Dice

Dice are an object type in Tabletop Playground. When you pick up and throw dice, they get a random spin and every player gets a notification with what was rolled once thrown dice come to rest. When you drop dice without throwing them, they behave as generic objects. Rotating a picked up die cycles through each face pointing up. You can also roll dice without picking them up by pressing the object action button.

Dice also have special tooltips: when hovering a single die, the tooltip will show which face is up. When multiple dice are selected, the tooltip shows how often each face is up and the sum of all faces. For custom dice, faces can also have names instead of numbers. The names are included in the tooltip, but not counted towards the sum.

Texture Maps

If you want to create custom dice using the default models and your own textures, here are sample images that show where the faces of the dice are mapped to the texture: Dice UVs. If you want to modify the standard normal maps and extra maps, you can find them here: Dice_Textures.

Face Directions

If you need not just a custom image for your dice, but a custom shape, you can import your own 3D model. For the tooltips and dice roll messages, the game needs to know where the dice faces on your custom model are, as well as their names and numbers. You can set up the faces in the editor. Each face direction is a vector: it should be the direction from the center of the model to the center of the respective face. You can visualize the face directions by clicking on the eye icon on the dice editor pane.

Card holders

Card holders are an object type in Tabletop Playground. A card holder can contain a number of cards. When dropping a new card onto a card holder, the existing cards move to show where the new card will be put.
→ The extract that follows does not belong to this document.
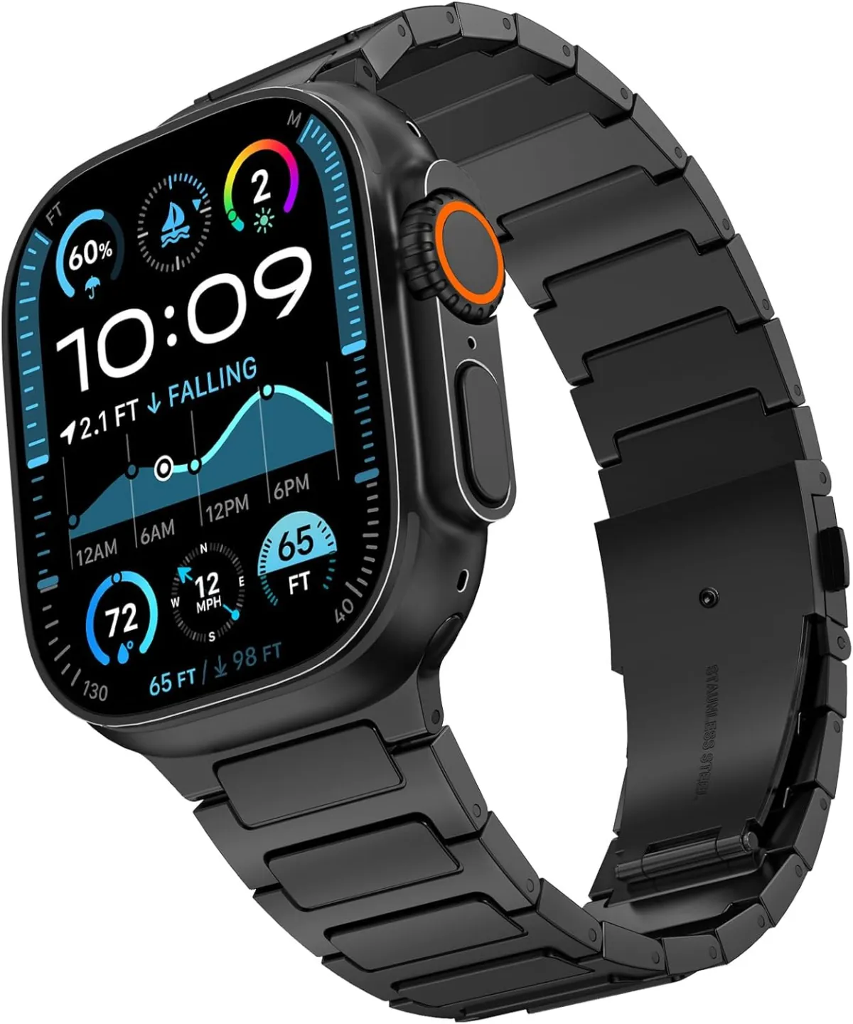 アップルウォッチのメタルベルトに対するユーザーの不満は、一般的に重さや小傷がつきやすい点でした。そこで、オンザグローバルは、チタン製のベルトを採用し、約40%の軽量化を実現。また、耐摩耗性に優れたDLC(ダイヤモンドライクコーティング)を施すことで、外観の美しさも長持ちします。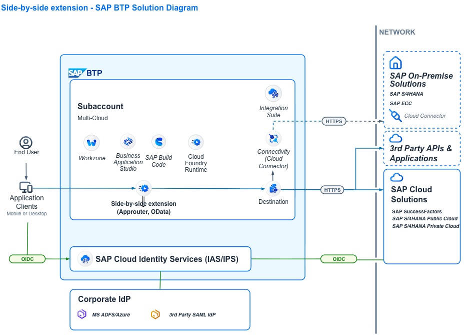 SAP sieht im Zuge der Side-by-side Extensions vor, kundeneigene Anwendungen auf der SAP BTP zu entwickeln. Hierbei wird auf der BTP eine Fiori Anwendung bereitgestellt, die auf die Daten in SuccessFactors per OData Schnittstelle lesend wie schreibend zugreift. Ausführlich beschreiben wir diese Vorgehensweise in diesem Blog Artikel. Nach diesem Prinzip verfährt auch unsere App “Externe Trainings verwalten”.

Card holders can be ownerless, or have a single player as owner. If they have an owner, all cards on the holder with their front face up are only visible to the owning player, other players just see a grey blur. Cards with their back face up are shown to all players.

Single cards or small card stacks can be put into card holders, as long as the capacity limit isn’t reached: card holders have a maximum number of cards that they can hold.
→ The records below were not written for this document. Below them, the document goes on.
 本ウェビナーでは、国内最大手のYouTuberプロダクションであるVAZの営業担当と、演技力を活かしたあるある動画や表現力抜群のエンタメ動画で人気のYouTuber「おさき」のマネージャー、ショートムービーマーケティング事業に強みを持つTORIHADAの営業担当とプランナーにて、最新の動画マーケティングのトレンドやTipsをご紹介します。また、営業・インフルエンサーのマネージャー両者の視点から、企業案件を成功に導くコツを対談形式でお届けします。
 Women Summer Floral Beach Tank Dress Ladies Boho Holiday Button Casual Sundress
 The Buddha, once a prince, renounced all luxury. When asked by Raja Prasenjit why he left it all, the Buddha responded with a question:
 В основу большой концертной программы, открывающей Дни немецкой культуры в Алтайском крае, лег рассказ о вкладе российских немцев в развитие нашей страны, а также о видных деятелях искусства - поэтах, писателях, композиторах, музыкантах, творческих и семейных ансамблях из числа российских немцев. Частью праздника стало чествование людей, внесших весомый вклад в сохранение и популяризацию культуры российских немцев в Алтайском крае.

Card holders have two custom properties:
Take Cards: Determines whether only the owning player can take cards from the holder.
Owner: The player color that owns the card holder. Can be set to no player.

Cards

Cards are an object type in Tabletop Playground. Card objects can represent playing cards, tiles, or tokens. They have several properties that distinguish them from generic objects: Cards can be stacked – if you drop a card onto another card or stack of the same shape and size, both will get combined into a stack. You can take the top card from a stack by dragging it off. If you want to take a whole stack, click on it and hold until you pick up the stack.
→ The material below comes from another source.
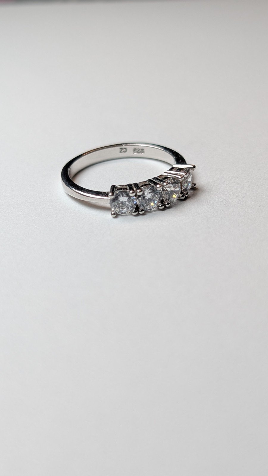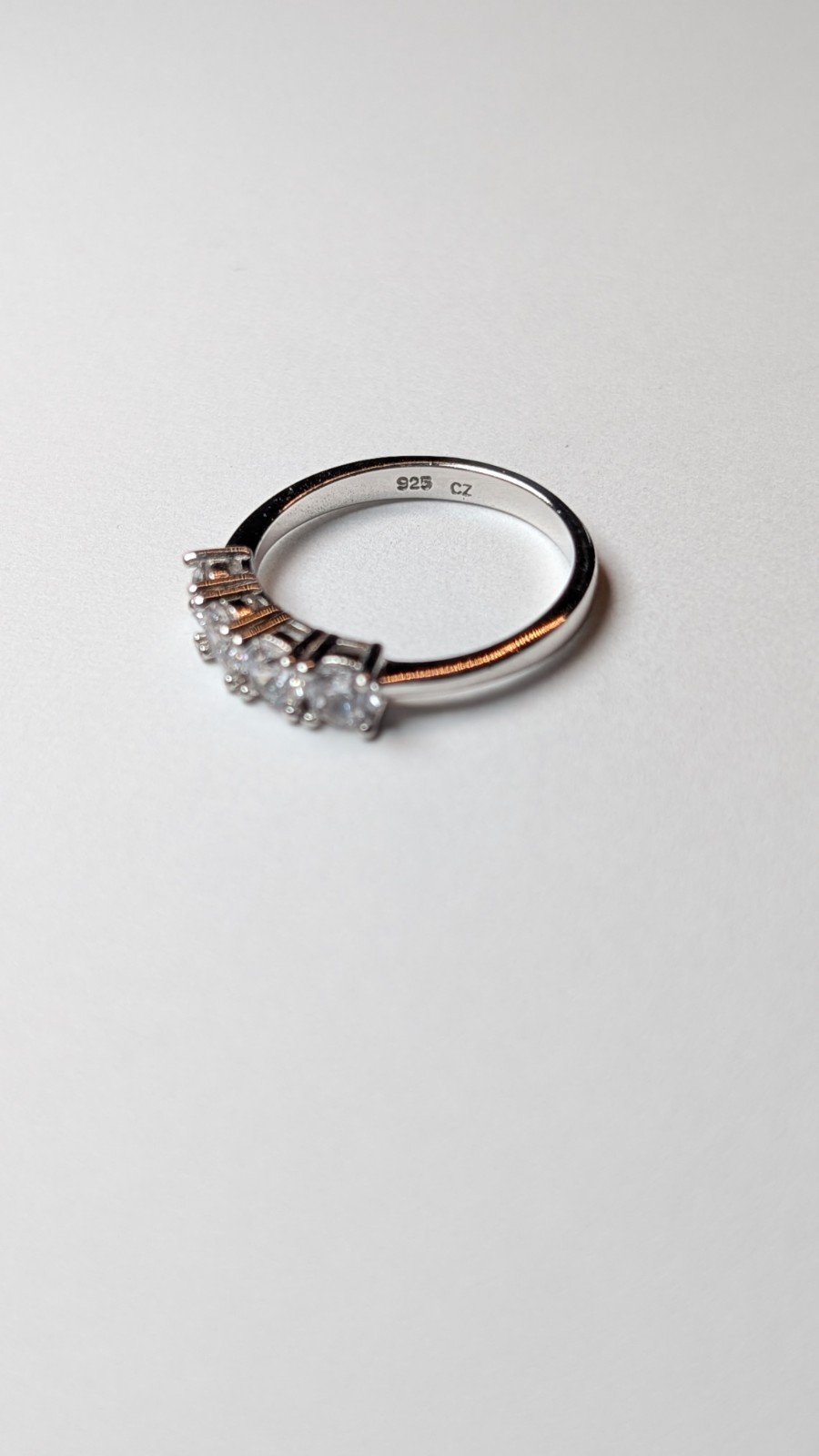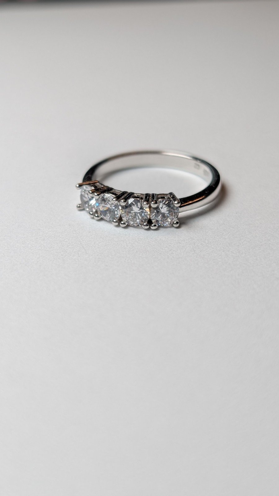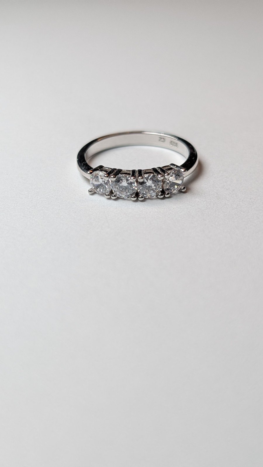 This Vintage Sterling Silver Clear Gemstone 4 Stone Ring in size P 1/2 is a classic and elegant piece of jewellery for women.

While you hold a card, its face isn’t visible to other players (they will only see a grey blur). To prevent cheating, the card front face is not visible for yourself either while you hold a card with its back face up. Cards can also be used with card holders, and their faces can be hidden from players that aren’t the owner of the card holder.

Card stacks have two custom context actions:
Shuffle: Randomly shuffles the cards in the stack.
Deal: Gives out a card to each card holder present in the game.
Split: Brings up a window that allows you to split the stack in different ways

Texture Map

If you want to create your own textures for card shapes other than square (which always uses up the whole texture), here are the exact shapes that are used. Since the rounded edges of the rounded style get distorted by strong scaling, there are three different shapes: The regular ones for cards that are relatively square, a high variant for cards where the height divided by the width is at least 1.17 (like standard 6 cm by 9 cm playing cards), and a wide on for cards with width / height < 0.86.

Rounded Regular
Rounded High
Rounded Wide
Round
Hexagonal

Generic objects

Generic objects do not have special behaviors. Most objects in a board game such as pieces or boards can be represented as generic objects.